(What is being asked):
Using the listing below, print the line containing "9月5日,一名小朋友在服貿會5G通信服務專題專區體驗VR游戲。新華社記者 李木子 攝", the line containing "For this chapter, our", and each line between them, exactly and nothing else. Pictures stay out of the print.

Start of Records supplied

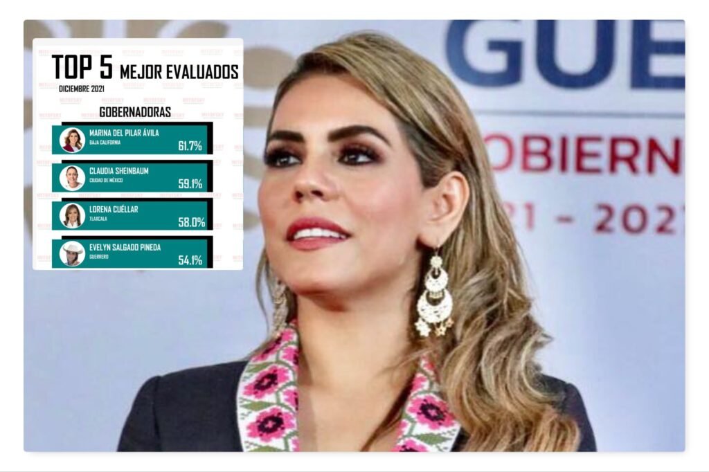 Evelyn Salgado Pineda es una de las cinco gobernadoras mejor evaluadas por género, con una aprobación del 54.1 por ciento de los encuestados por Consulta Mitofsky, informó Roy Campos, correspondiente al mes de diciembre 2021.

End of Records supplied
Start of Records supplied

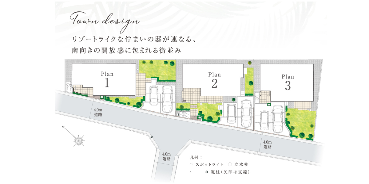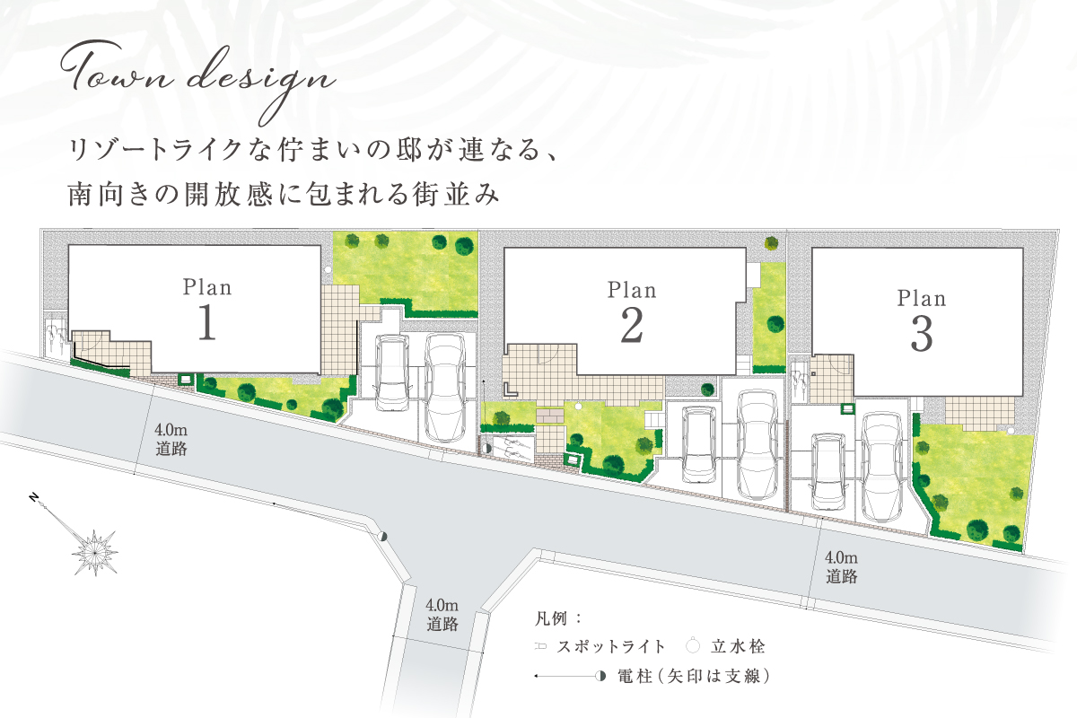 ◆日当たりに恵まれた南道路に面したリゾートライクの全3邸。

End of Records supplied
Start of Records supplied

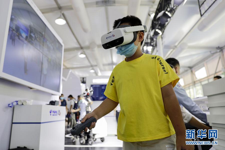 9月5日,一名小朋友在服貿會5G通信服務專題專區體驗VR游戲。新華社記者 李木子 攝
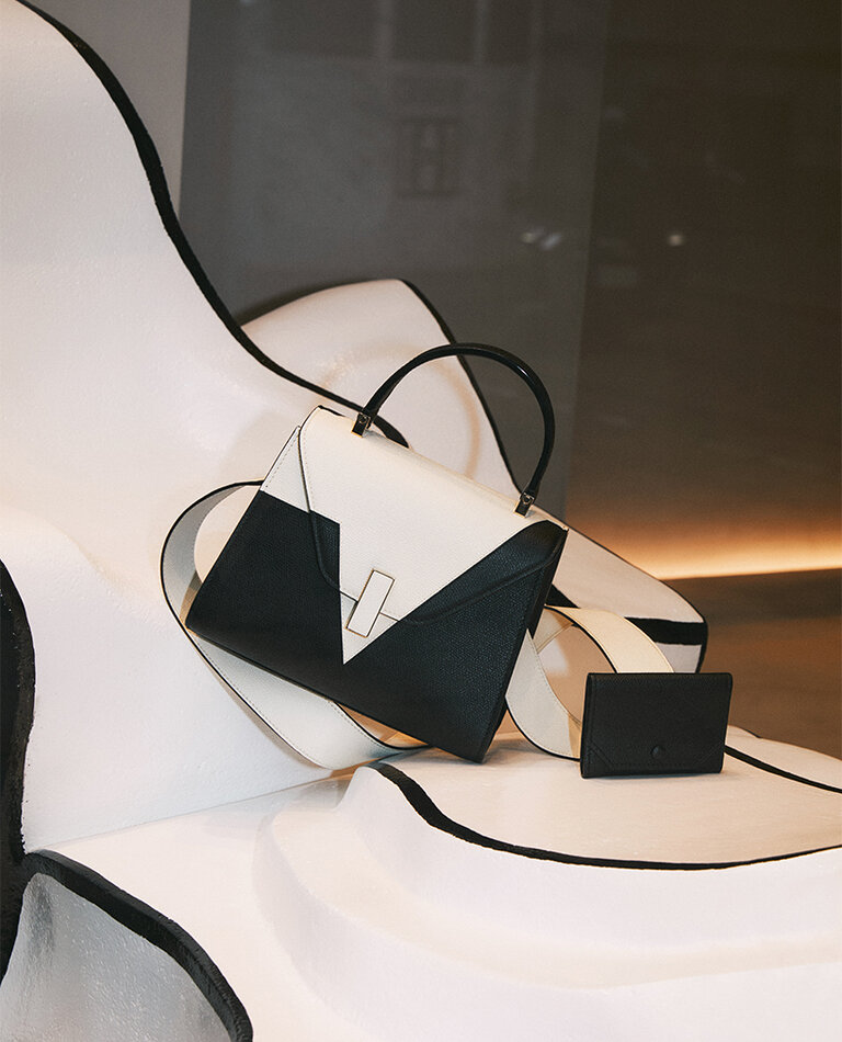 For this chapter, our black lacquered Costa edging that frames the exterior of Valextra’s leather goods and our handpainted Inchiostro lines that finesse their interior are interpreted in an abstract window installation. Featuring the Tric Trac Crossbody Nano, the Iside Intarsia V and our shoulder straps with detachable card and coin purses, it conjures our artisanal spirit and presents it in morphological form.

End of Records supplied

(Task output):
 9月5日,一名小朋友在服貿會5G通信服務專題專區體驗VR游戲。新華社記者 李木子 攝
 For this chapter, our black lacquered Costa edging that frames the exterior of Valextra’s leather goods and our handpainted Inchiostro lines that finesse their interior are interpreted in an abstract window installation. Featuring the Tric Trac Crossbody Nano, the Iside Intarsia V and our shoulder straps with detachable card and coin purses, it conjures our artisanal spirit and presents it in morphological form.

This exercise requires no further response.